Now that we’re nearing the end of January, it seems like a good time for a status check on those New Year’s resolutions.  Or were you one of those people who decided to call them something softer like “goals” or “targets” this year, because that felt less likely to immediately careen into failure?  Some have suggested that people fail in their New Year’s resolutions 92% of the time, although I had difficulty verifying that statistic.  If you’ve already backslid on a New Year’s resolution or two, I suspect the whole “goal” thing isn’t quelling that slowly rising sense of defeat.  I used to repeat this pattern of resolution and failure year after year, until I realized I should just stop making resolutions.  It was my last New Year’s resolution; one of the few that I ever kept.

Drunken Expectations

New Year’s resolutions are the Silenus of the self-improvement pantheon.  Silenus was a minor Greek god of drunkenness and wine making.  He was the step father and mentor to Dionysus, the god of wine.  He was also the champion drinker of all the satyrs.  According to Euripides, Silenus said, “The man who does not enjoy drinking is mad.”
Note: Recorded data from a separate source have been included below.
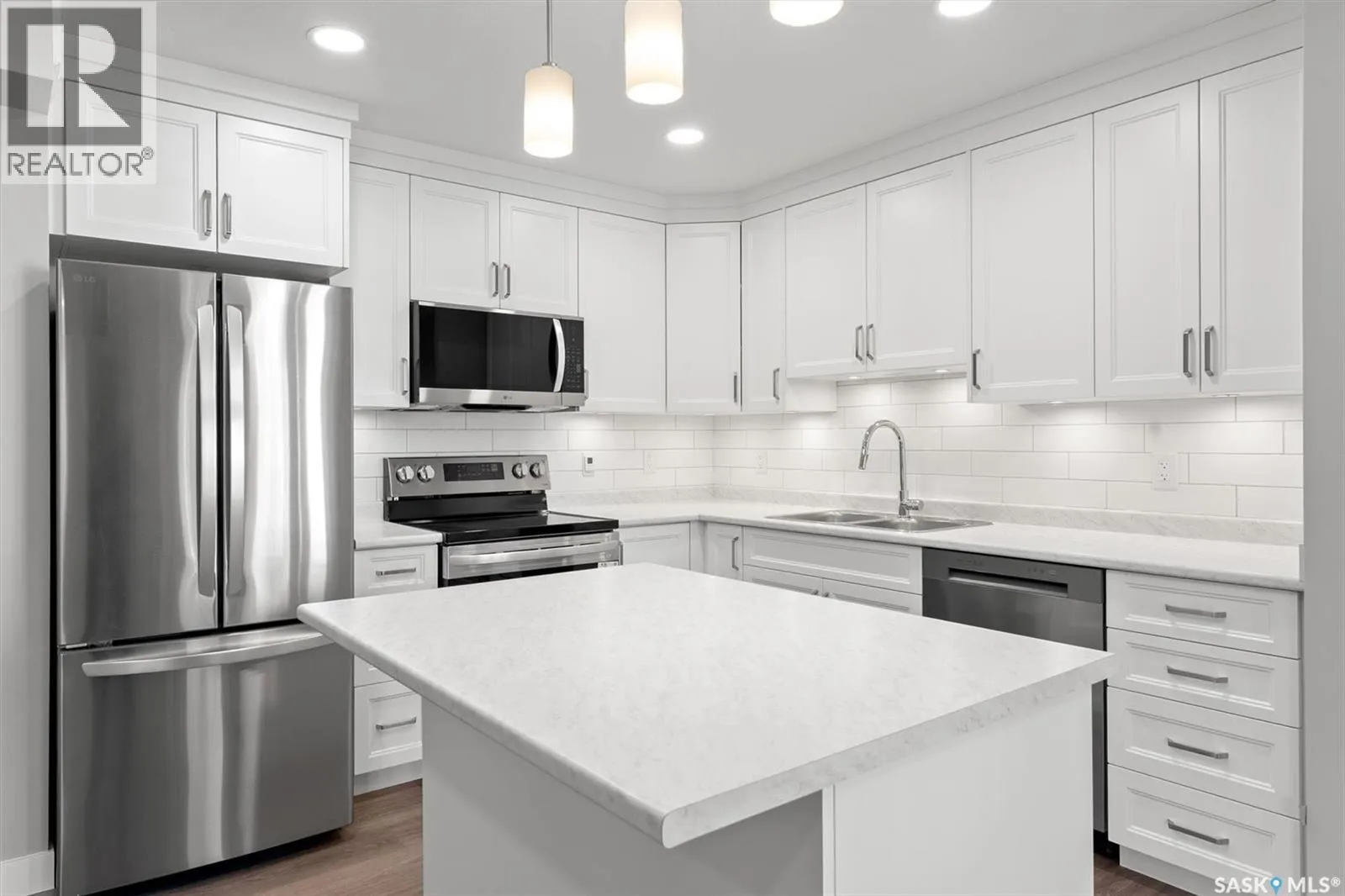 Welcome to #202 - 318 108th Street in Sutherland! This is a beauty! If youâre seeking a brand new condo in a prime location near the University of Saskatchewan and the upcoming SaskPolytech, this might be the perfect fit for you! Featuring light grey walls, barnwood-style vinyl plank flooring, and crisp white cabinets, this unit boasts a timeless color palette. This second-floor corner unit offers two spacious bedrooms, one of which includes a convenient 2pc ensuite. Upon entering the suite, you'll be greeted by a generous foyer complete with a large front entry closet. The kitchen is equipped with plenty of cabinetry, tiled back splash, under cabinet lighting, brand new stainless steel appliances, and an island featuring stylish pendant lighting. From the dining area, you can access a balcony that includes a natural gas BBQ hookup. The living area is filled with natural light, thanks to an abundance of windows facing a peaceful residential area. This home features vinyl plank flooring throughout the primary living spaces and bedrooms, while the entryway and bathrooms are finished with linoleum for easy maintenance. Call your favorite Realtor® today to take a look at this lovely condo! (id:27476)
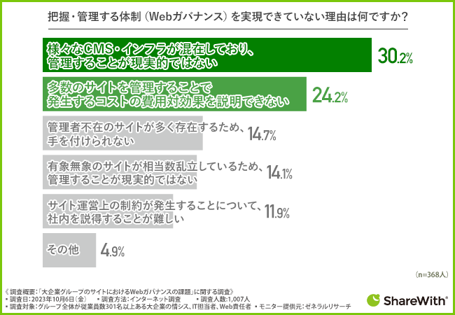 そこで、『実現できていない』と回答した方に、「把握・管理する体制(Webガバナンス)を実現できていない理由は何ですか?」と質問したところ、『様々なCMS・インフラが混在しており、管理することが現実的ではない(30.2%)』と回答した方が最も多く、次いで『多数のサイトを管理することで発生するコストの費用対効果を説明できない(24.2%)』と続きました。
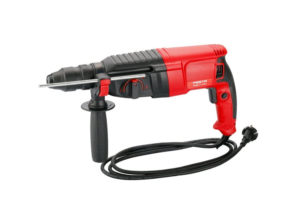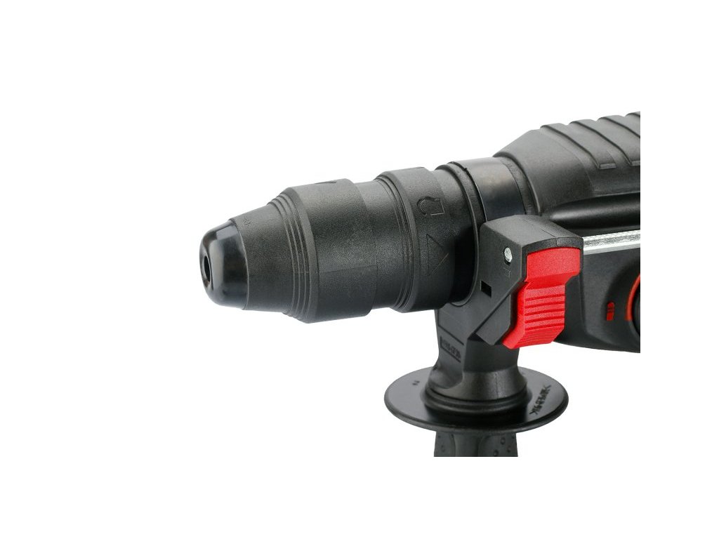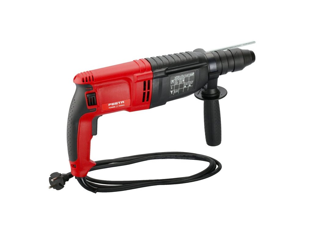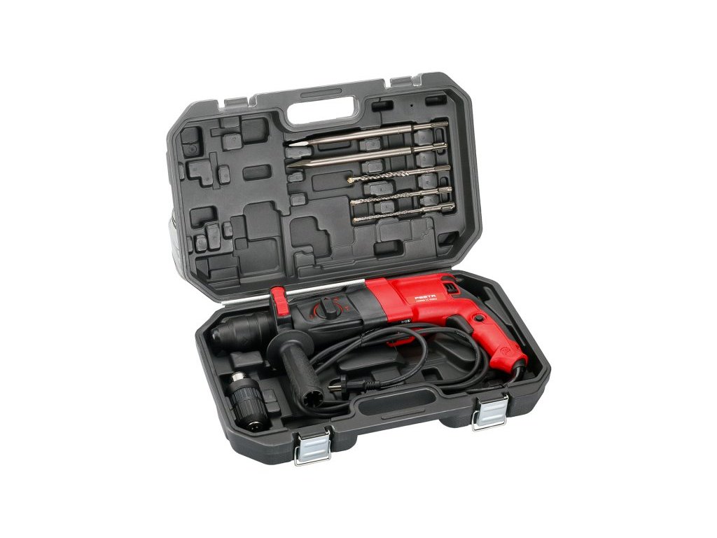 kladivo je dodáváno v praktickém kufru včetně příslušenství - vrtáky SDS+ 6. 8, 10 x 160 mm, sekáče SDS+ plochý 20 x 250 mm a špičák 250 mm, rychlovyměnitelné sklíčidlo na vrtáky s válcovou stopkou 2 - 13 mm, hloubkový doraz, náhradní uhlíky (samostatně objednatelné pod číslem 28223)
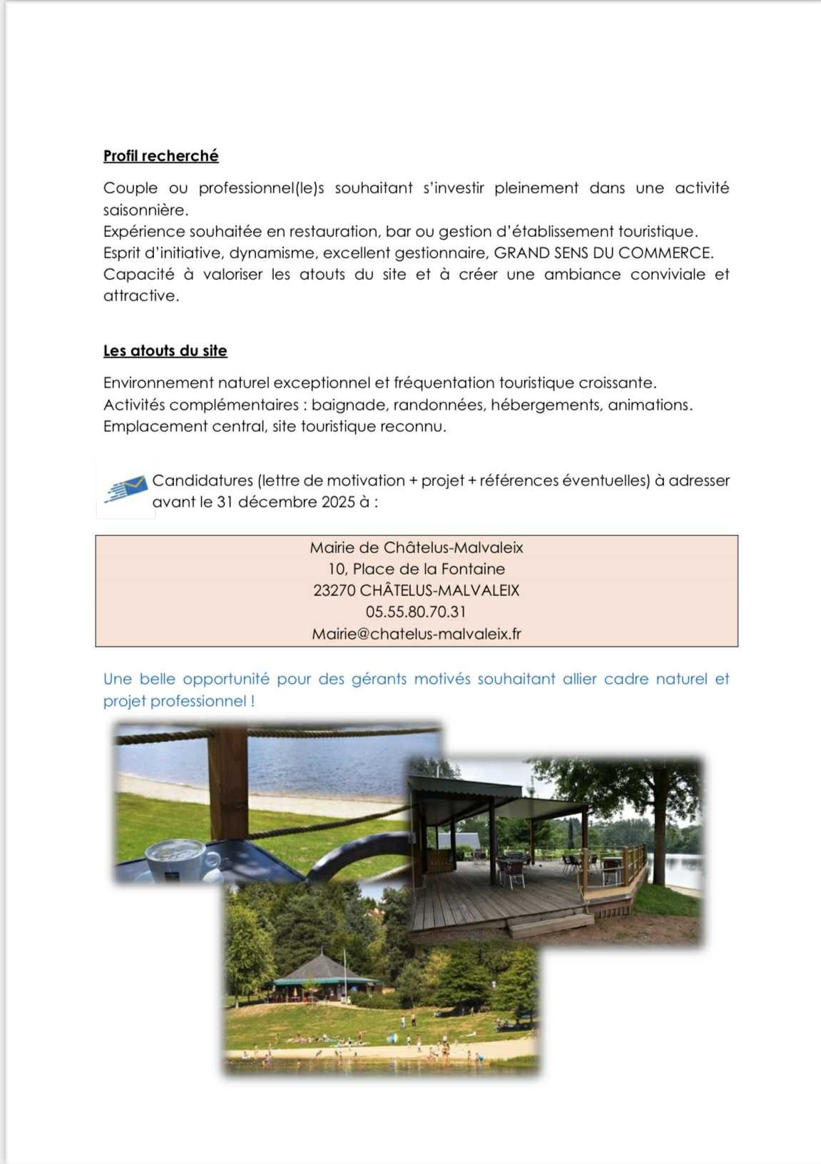 Appel à candidature pour le Bar Restaurant de la Plage
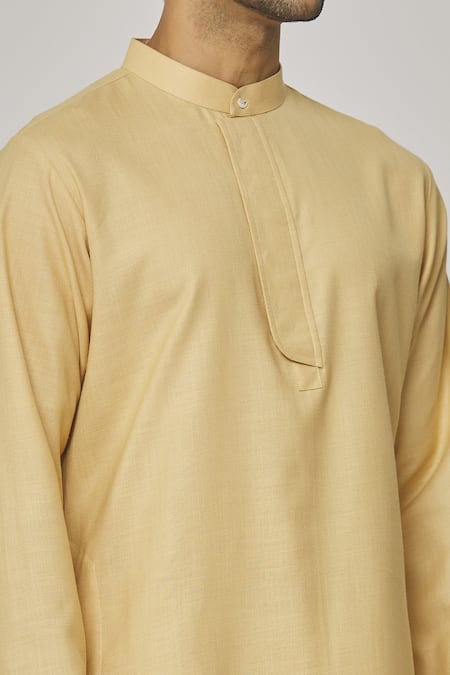 Dawn yellow cotton kurta featuring a band collar and full sleeves. Paired with matching pyjama, it has an asymmetric hemline and front button closure.

Silenus. The Greek God of Drunkenness and Wine Making (possibly by van Dyck, National Gallery).

New Year’s resolutions are born in a metaphorical, and often literal, drunkenness instilled by the threshold of a new year.  Like an intoxicated pirate crossing the international dateline, we hope sailing into the next calendar year will somehow magically imbue us with a new understanding of our foibles and better self-control.  Our New Year’s Eve inebriation temporarily convinces us that we share the supernatural powers of Silenus, who revealed deep wisdom and even foretold the future, but only when he was drunk.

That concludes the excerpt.